Одна маленькая деталь дала мне понять, что очередной барьер в наших развивающихся отношениях рухнул: Элейн, как всегда, оставила расстегнутыми две верхних пуговицы на рубашке, но в этот раз не застегнула и самую нижнюю. Так моей руке было легче проскользнуть под ее рубашку, и на этот раз в мою ладонь легла уже настоящая грудь (сколько бы ее там ни было).
— Не знаю, как ты, — сказала Элейн, пока мы лежали лицом друг к другу на одной подушке, — но я всегда представляла, что, когда мальчик впервые потрогает меня за грудь, все будет куда более сумбурно.
— Сумбурно, — рассеянно повторил я.
В голове всплыла ежегодная проповедь доктора Харлоу о наших излечимых недомоганиях; он утверждал, что «нежелательное половое влечение к юношам и мужчинам» попадает в эту сомнительно излечимую категорию.
А вот воспоминания о ежегодных утренних лекциях доктора Грау — «герра доктора Грау», как мы называли нашего школьного психиатра, — мне худо-бедно удалось вытеснить.
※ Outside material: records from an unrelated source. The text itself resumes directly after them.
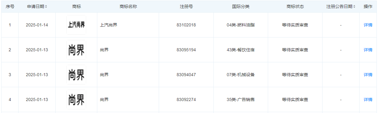 天眼查显示,1月13日至1月14日,上海汽车集团股份有限公司新提交“尚界”、“上汽尚界”等多枚商标,国际分类涉及机械设备和广告销售等,商标状态均为等待实质审查。
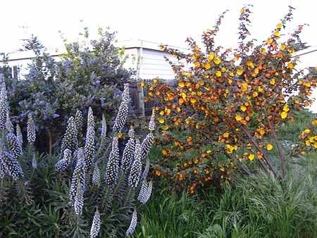 This year it would’ve had double the amount of inflorescences. The yellow flowered plant is a Fremontodendron. It is tilted because it had so many leaves that the wind pushed it over. I cut out most of its branches and pulled it back upright with a cloth brace and a fishing line tether. The plant in the back ground with blue flowers is a Ceanothus (it’s the size of a small tree now.)
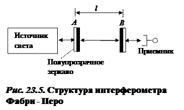 Как показано на рис. 23.5,установив друг против друга полупрозрачные зеркала, можно создать резонатор света с фазовой характеристикой, которая резко изменяется при прохождении света между зеркалами А и В туда и об При изменении фазы, кратном 2 π, наступает резонанс. Тогда при частоте источника света ω диапазон фазового вращения θ = 2 ωl /с, поэтому одну и ту же резонансную характеристику можно получить, изменяя как l, так и ω. Частотный интервал fr называется свободной областью спектра, Δ fr - половинной шириной резонансной кривой:
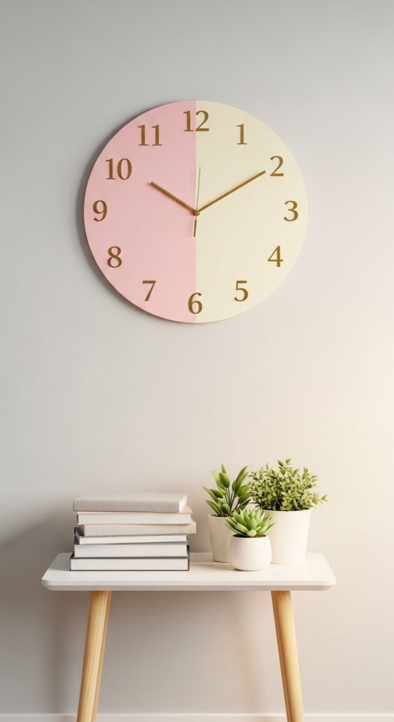 Purchase a plain wooden or plastic wall clock. Paint the base with pastel shades using acrylic paint. You can go for a single color or a half-and-half design—like pink and white or mint and cream. Add gold or white numbers for contrast.
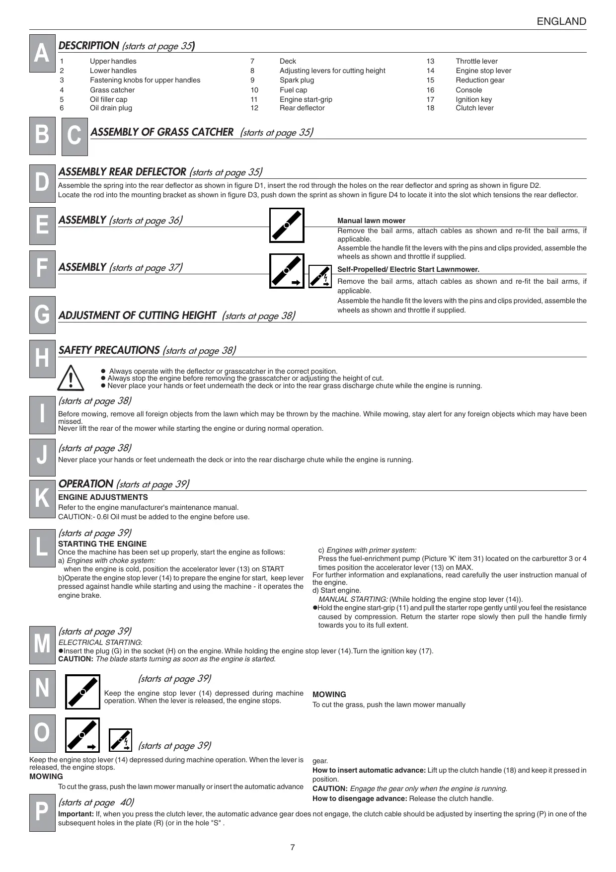 j)Ensure that the grass catcher and deflector are correctly located. failure to do so may result in foreign objects being ejected by the blade.
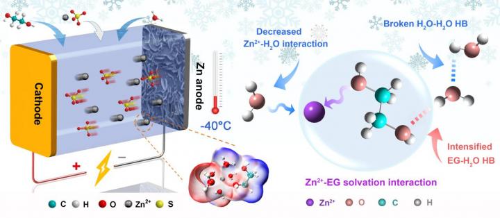 The developed electrolyte, consisting of water (H2O), ethylene glycol (EG) and zinc sulfate (ZnSO4), exhibited high zinc-ion conductivity at low temperature.
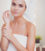 Młoda atrakcyjna kobieta stojąc przed lustrem w łazience
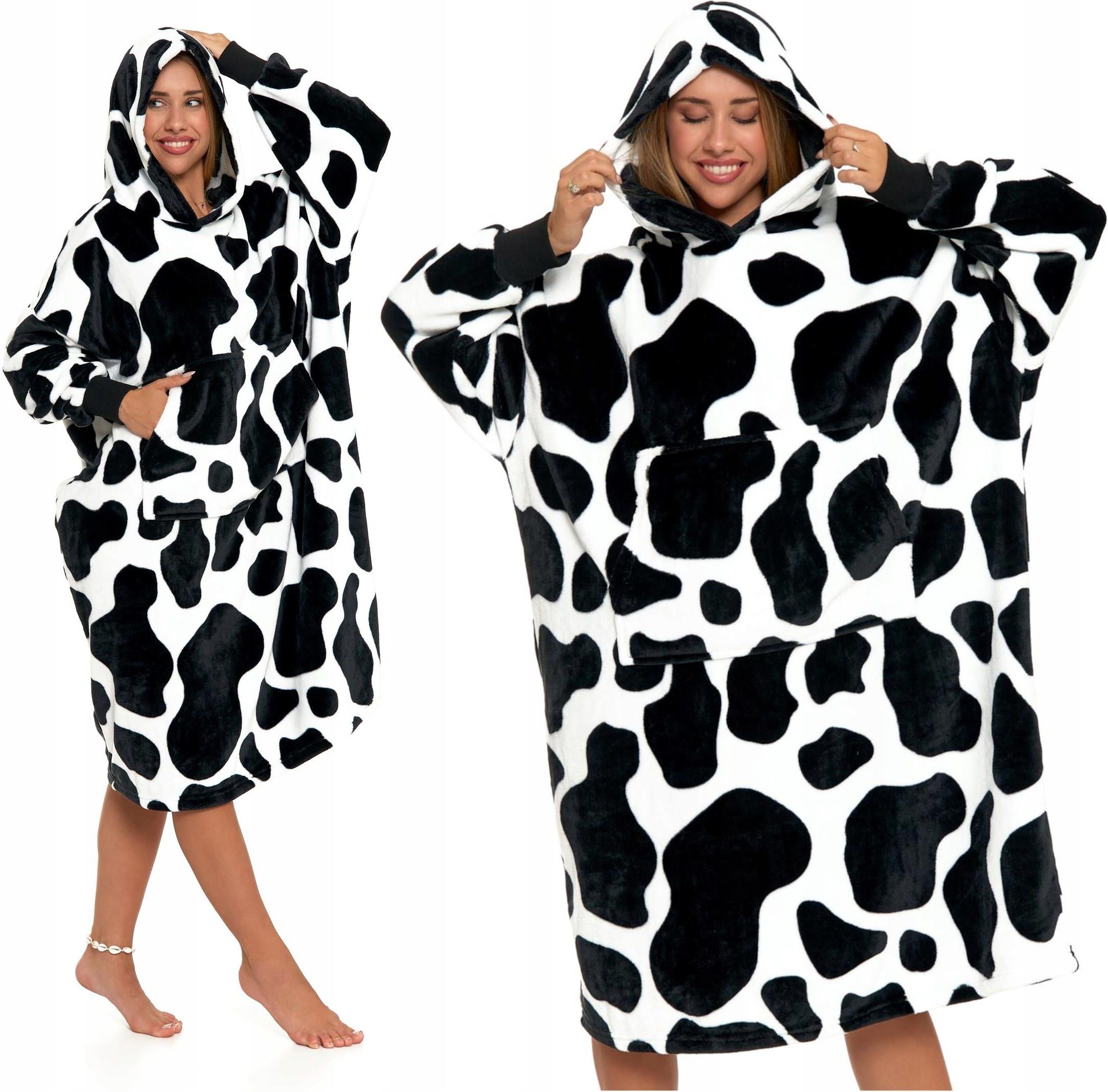 Bluza z Kapturem Koc Kocobluza Duża Gruba Ciepła na Zimę w Łaty Krowa Moraj Wiślica
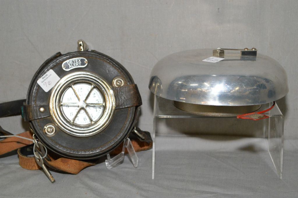 Canadian made "The Guardsman" alarm bell and a Hardinge Bros. Detex Alert watchman's clock
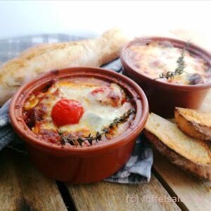 Zubereitung: Alle Zutaten vorbereiten, d.h. putzen; Spitzpaprika, in Würfel schneiden. Champignons, vierteln. Knoblauch in Scheiben schneiden. Von den Tomaten den Strunk entfernen. In einer Pfanne mit 1 EL Olivenöl die Knoblauchscheiben anrösten, rausnehmen in einem Schüsselchen beiseitestellen. Mit der Spitzpaprika und den Champignons gleich verfahren. Etwas Wasser hinzugefügt sorgt dafür, dass die Spitzpaprika schneller gar werden. Den Strunk der Tomaten entfernen, pürieren und als letztes in der Pfanne unter Hinzugabe eines Klecks Tomatenmark und einem Spritzer Honig zu einer Sauce verrühren. Die Cocktailtomaten hinzufügen. Jetzt ist alles fertig und kann in einen Schmortopf oder wie bei uns in zwei kleine Schmortöpfchen gestapelt werden. Reihenfolge: Hälfte der Tomatensauce und ein paar der Cocktailtomaten auf dem Boden verteilen, die Champignons, die Spitzpaprika, die gerösteten Knoblauchscheiben und die Garnelen ebenfalls verteilen und mit dem Käse abschließen. Das ganze bei 190 ͦvorgeheiztem Backofen für höchstens 10 Minuten in den Backofen geben, so dass der Käse schmilzt. Alles andere ist bereits gar! Mit einem Stück Baguette, entweder selbst gekauft oder selbst gebacken, wie bei uns genießen, die Sauce ist einfach der HIT.
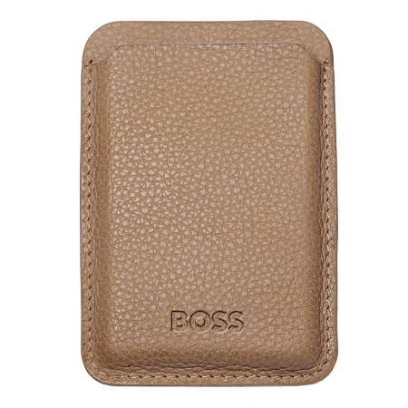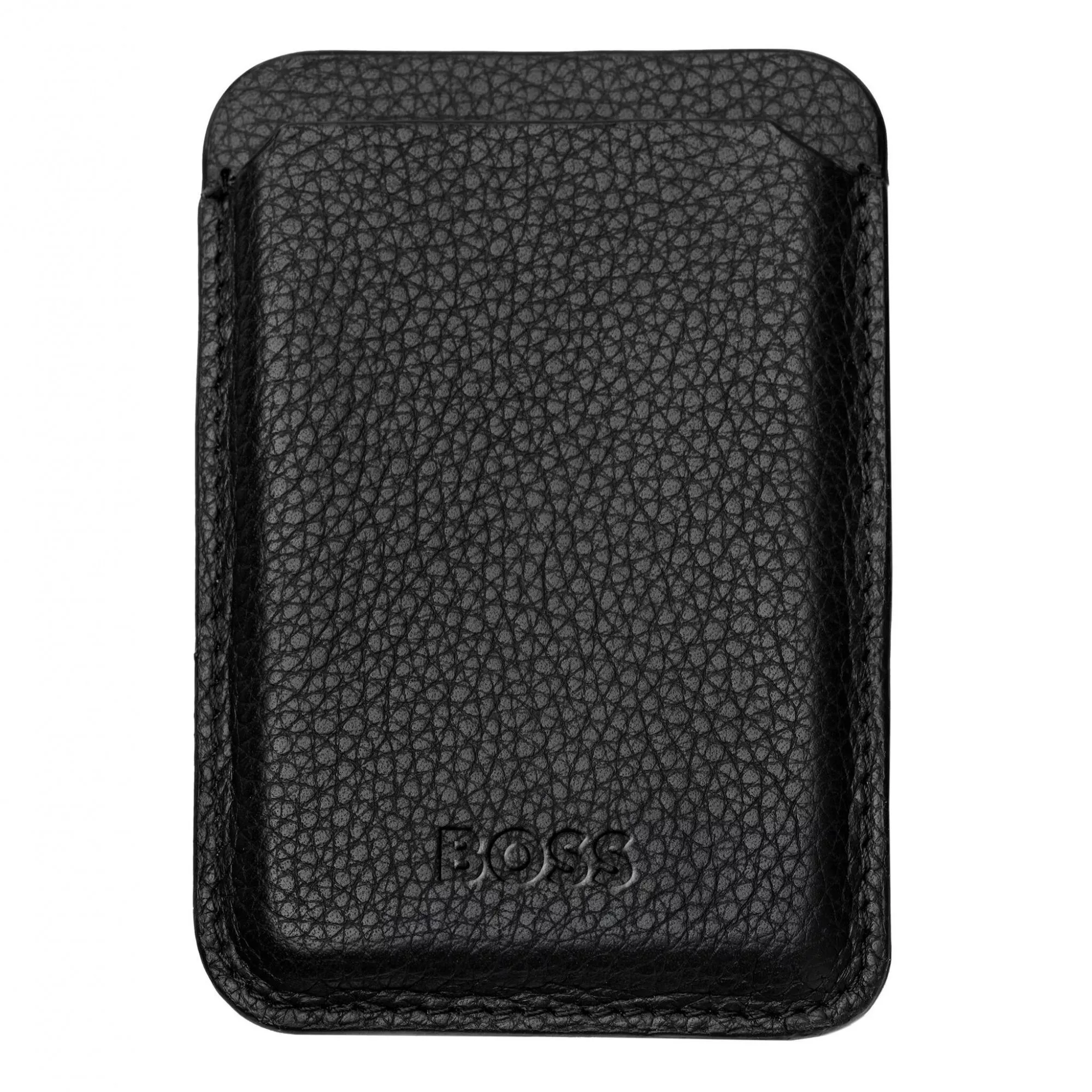 Наш магнитный держатель для карт изготовлен из натуральной кожи высшего качества. Он оснащен системой MagSafe, которая позволяет прикрепить его к задней части любого телефона, оснащенного этой технологией. Эта черная версия имеет красивую матовую текстуру с шагреневым зерном и имеет тонкий тисненый логотип BOSS. Последний штрих — подкладка с монограммой, которая добавляет еще один тонкий элемент брендинга. Несмотря на свой минималистичный и компактный дизайн, он все еще может вмещать до 5 карт.

Каждый год доктор Грау нес один и тот же клинический бред — о том, что все мы, мальчишки, вступили в стадию заторможенного развития — «застыли», по словам герра доктора, «как жуки в янтаре». (По испуганным лицам слушателей было видно, что не все видали жуков в янтаре — и вообще представляли, что это такое.)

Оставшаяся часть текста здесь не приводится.